Britain’s ex-colonies should be more grateful, says Tory leader hopeful
Robert Jenrick said Commonwealth nations owe Britain a "debt of gratitude" for promoting peace and prosperity.
LONDON — Britain’s former colonies should be thanking their old imperial masters rather than pressing for slavery reparations, the man hoping to lead Britain’s Conservative Party declared.
Tory leadership hopeful Robert Jenrick said many Commonwealth nations owe Britain a “debt of gratitude” for the democratic institutions they inherited after the U.K. handed over control.
Jenrick, who faces off against Kemi Badenoch for the Tory crown this weekend, acknowledged the British Empire was “complex” and “committed crimes on a terrible scale, including slavery, the displacement of peoples, and military aggression.”
But, writing in the Daily Mail, he said the U.K. should be “proud of its achievements” instead of feeling “crippling shame.”

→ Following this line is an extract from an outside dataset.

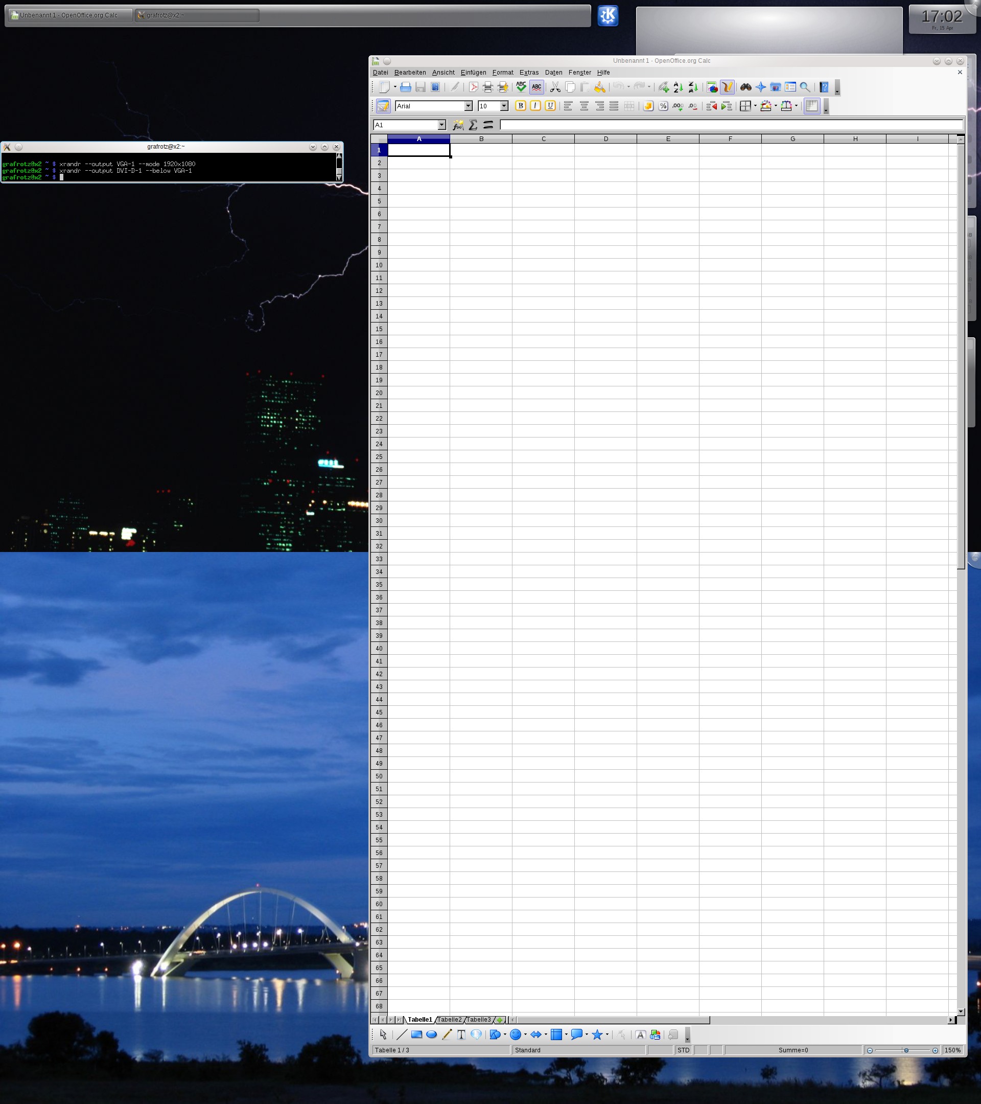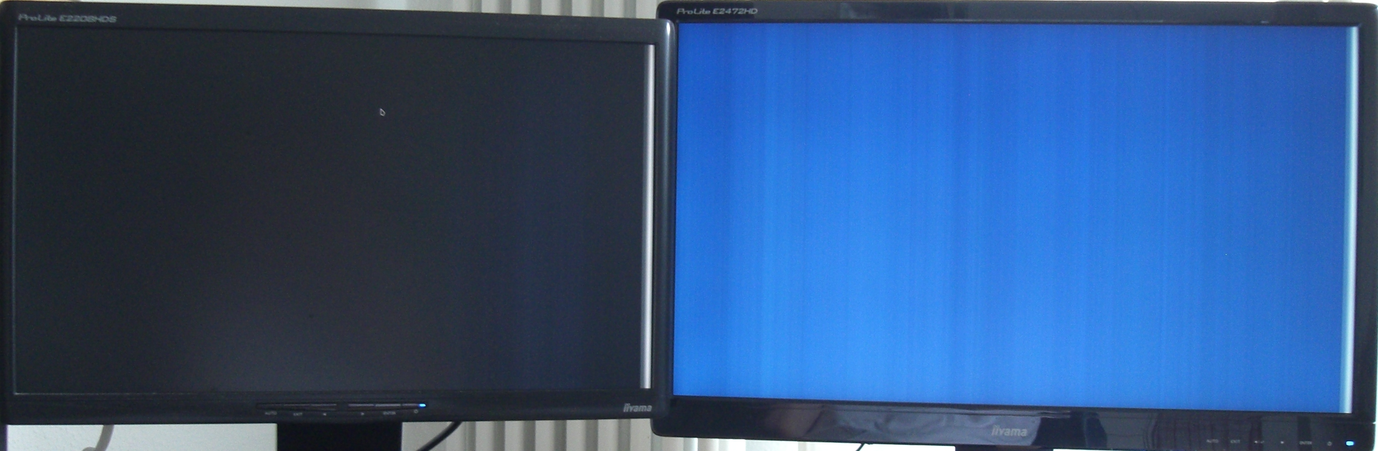 the "old" combination works fine: x11-drivers/xf86-video-nouveau-0.0.16_pre2010101 x11-base/xorg-server-1.9.5 x11-libs/libdrm-2.4.22 media-libs/mesa-7.9 with the following settings: Section "Screen" Identifier "Screen-two" Device "nouveau-two" Monitor "DVI-D-1" Monitor "VGA-1" DefaultDepth 24 Subsection "Display" Depth 24 Virtual 3840 1080 EndSubsection EndSection and the following commands: xrandr --output VGA-1 --mode 1920x1080 xrandr --output DVI-D-1 --mode 1920x1080 xrandr --output DVI-D-1 --primar xrandr --output VGA-1 --left-of DVI-D-1 the new (perhaps not the newest) combination cause problems: x11-drivers/xf86-video-nouveau-0.0.16_pre20101130 x11-base/xorg-server-1.9.5 x11-base/xorg-drivers-1.9 media-libs/mesa-7.10.1 x11-libs/libdrm-2.4.23 I figured out that using both displays one above the other works: xrandr --output DVI-D-1 --below VGA-1. the final resolution is: 1920 * 2160 The only problem is a completly wrong auto-dpi-setting. But my favorite layout (booth displays beside each other does not work): xrandr --output DVI-D-1 --right-of VGA-1 here the final resolution is: 3840 * 1080 "does not work" means: i see a mouse courser which a can move around booth displays, but the picture has errors (vertical stripes) and the desktop is not usable at all (no text, no icons). I used kde4 and xfce4 for testing. When I use 1280*1024 on the left screen, "xrandr --output DVI-D-1 --below VGA-1." works fine. so the final resolution is 3200 * 1080 So why 3840 * 1080 is too much? The maximum should be 4096 * 4096 as xrandr --query tells me: Screen 0: minimum 320 x 200, current 3840 x 1080, maximum 4096 x 4096 VGA-1 connected 1920x1080+0+0 (normal left inverted right x axis y axis) 477mm x 268mm 1920x1080 60.0*+ DVI-D-1 connected 1920x1080+1920+0 (normal left inverted right x axis y axis) 531mm x 299mm 1920x1080 60.0*+ This output was made with the old working combination.

“Former colonies recognized that the British system of governance was the best in the world for promoting peace and prosperity,” he said.

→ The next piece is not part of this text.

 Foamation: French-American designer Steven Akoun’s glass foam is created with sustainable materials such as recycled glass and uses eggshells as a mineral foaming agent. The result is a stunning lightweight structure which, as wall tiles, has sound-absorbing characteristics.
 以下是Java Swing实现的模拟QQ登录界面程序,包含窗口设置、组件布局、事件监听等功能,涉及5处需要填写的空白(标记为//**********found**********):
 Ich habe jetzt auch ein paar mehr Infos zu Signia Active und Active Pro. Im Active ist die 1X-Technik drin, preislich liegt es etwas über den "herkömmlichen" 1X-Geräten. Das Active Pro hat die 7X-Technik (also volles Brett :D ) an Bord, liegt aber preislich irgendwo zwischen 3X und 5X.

Jenrick’s comments come after 55 Commonwealth nations — the vast majority of which are former territories of the British Empire — agreed that “the time has come” for a conversation about reparatory justice for the Transatlantic slave trade. Prime Minister Keir Starmer has rejected the idea of reparations payments, prompting criticism from some members of his own party.
Wading into that row, Jenrick wrote Tuesday: “Many of our former colonies — amid the complex realities of Empire — owe us a debt of gratitude for the inheritance we left them.”
Jenrick’s comments may land well with a Conservative Party membership more right-wing than the general public.